Мысль эта пришла сперва как бы случайно, но довольно быстро она накрепко засела в мозгу, а потом и всего меня захватила. А тут как раз…

Но лучше по порядку.

Это произошло в середине лета. В один из дней, когда я приглядывал за сестренками-близняшками, вдруг прибежал мальчик — мой ученик из второго класса — и сообщил, что меня срочно вызывает инспектор районо, прибывший к нам в школу. Срочно так срочно. Но сестренок оставить было не на кого, да и одеться, умыться, причесаться — тоже время. И вот как был — босой, в грязной залатанной фуфайке, в мятых дырявых брюках — отправился я на визит к инспектору, прихватив с собой и сестренок.

Инспектора я узнал сразу по одежде.
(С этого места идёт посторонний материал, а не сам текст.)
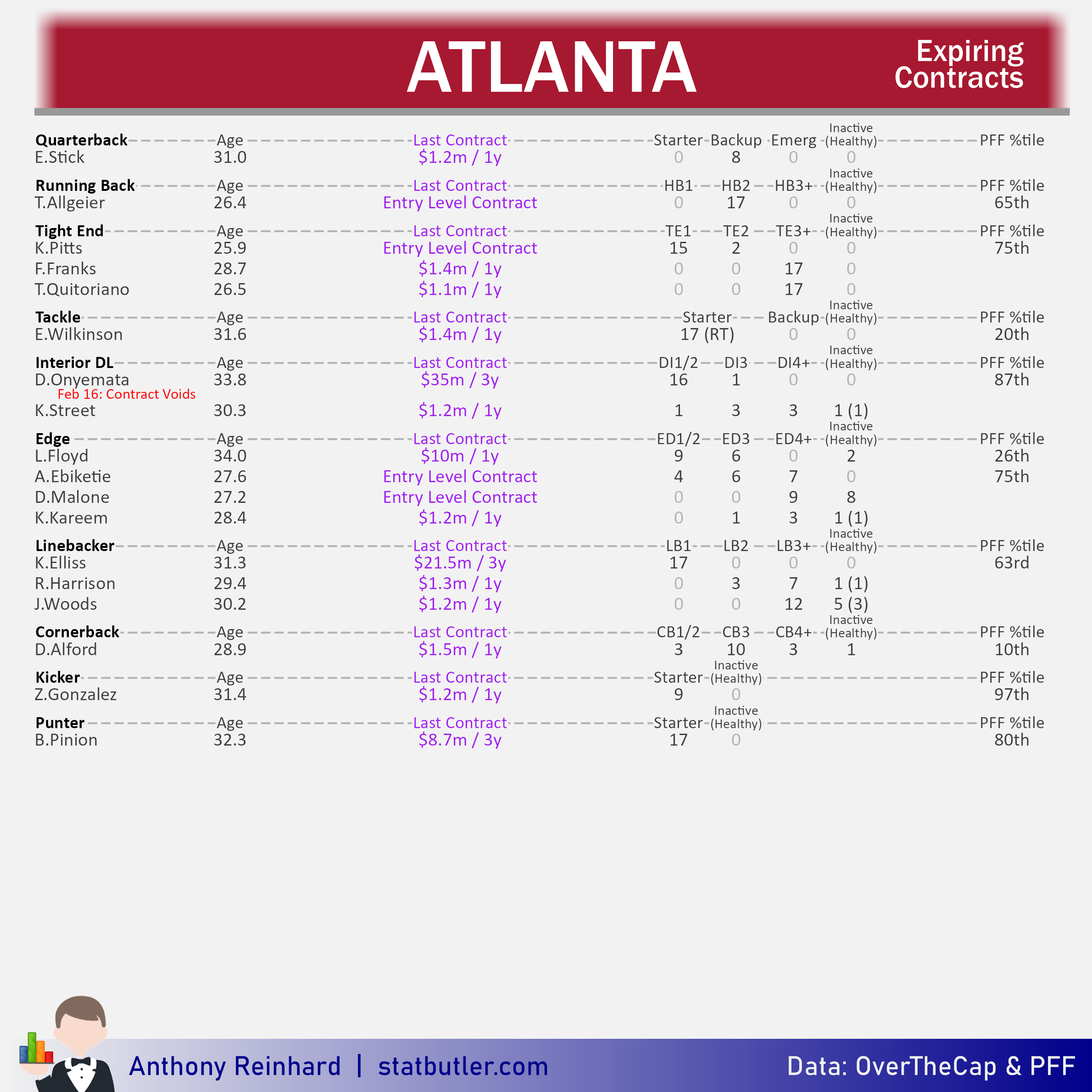 There are a couple names here to zero in on, starting with Kyle Pitts. Pitts had a solid 5th year, but on the whole has been a letdown compared to the sky high expectations that led to his being drafted immediately ahead of some of the game’s biggest stars in 2021. I don’t necessarily expect it, but he could receive the franchise (est $16.3m) or transition ($13.9m) tag in advance of free agency. David Onyemata, Kaden Elliss, and Tyler Allgeier all have made cases that they should land solid deals in free agency.

В то время всякий, кто хотел, чтобы в нем видели начальника, непременно носил френч. Однако он не признал учителя начальных классов в босоногом пареньке. Не только не спросил меня, кто я такой и почему пришел, но сразу же строгим голосом прикрикнул:

— Эй, мальчик! А ну-ка, иди отсюда. Живей, живей! Быстрее уходи и уноси своих сестренок, а то они еще разревутся здесь.

Я хотел было что-то объяснить, но сестры, заслышав грубый окрик инспектора, и впрямь начали реветь в два голоса, как это у них было принято. Инспектор не стал даже слушать меня, только махнул рукой: мол, проваливай, да побыстрее. Я повернулся и зашагал к дому. По пути сильно злился на него: еще бы, сам меня вызвал и сам же не захотел даже выслушать.

Вечером, когда мать вернулась с работы, я рассказал ей обо всем. Думал, успокоит меня. Но вместо этого она осерчала не на шутку.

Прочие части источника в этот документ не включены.